On the bright side, look at what we're discussing here: the default regex syntax and pretty colors. Compare that to about five years ago, when we'd be instead discussing how to compile Emacs in a way that had fricking TrueType font support. Emacs has come a long way.




Yeah, both 21 -> 22 and especially 22 -> 23 were vast improvements. Appearance issues aside however, emacs is starting to feel a little like windows in a way (uh oh downvotes ahoy), in that it's lumbered by backwards compatibility considerations. Emacs with namespaces + a nicer lisp would be... something very special.


They've added lexical scoping in trunk in a fully backwards-compatible way; it wouldn't be hard to do namespaces and a "nicer Lisp" (by which I'm assuming you mean Guile?) in a similar manner.
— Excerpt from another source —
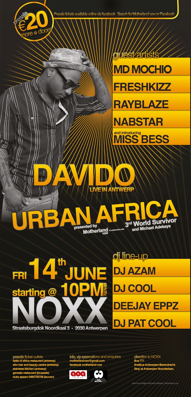 “Urban Africa” is a collaboration project between Motherland VZW, Michael Adekeye and 3rd World Survivor – Nabil’s record label which he co owns with his brother Rahul Fongod. The Cameroon born artist is looking forward to performing at the event and he adds “the show is going to be crazy so if you are in Antwerp on Friday, Noxx will be the only place to be!”

That said, the number of people who hate on Elisp is surprising to me. No, a hacked-up version of Maclisp is not the best Lisp in existence. But, seriously, you're competing against vimscript. Will even the most diehard Vim addict actually argue that vimscript is even comparable to Elisp?


I think even with the existing lisp it would be interesting to keep the interpreter and rewrite a lot of the basic elisp modules. Another Emacs "distribution" would be quite interesting...


"standard" regex syntax for emacs would make me really happy.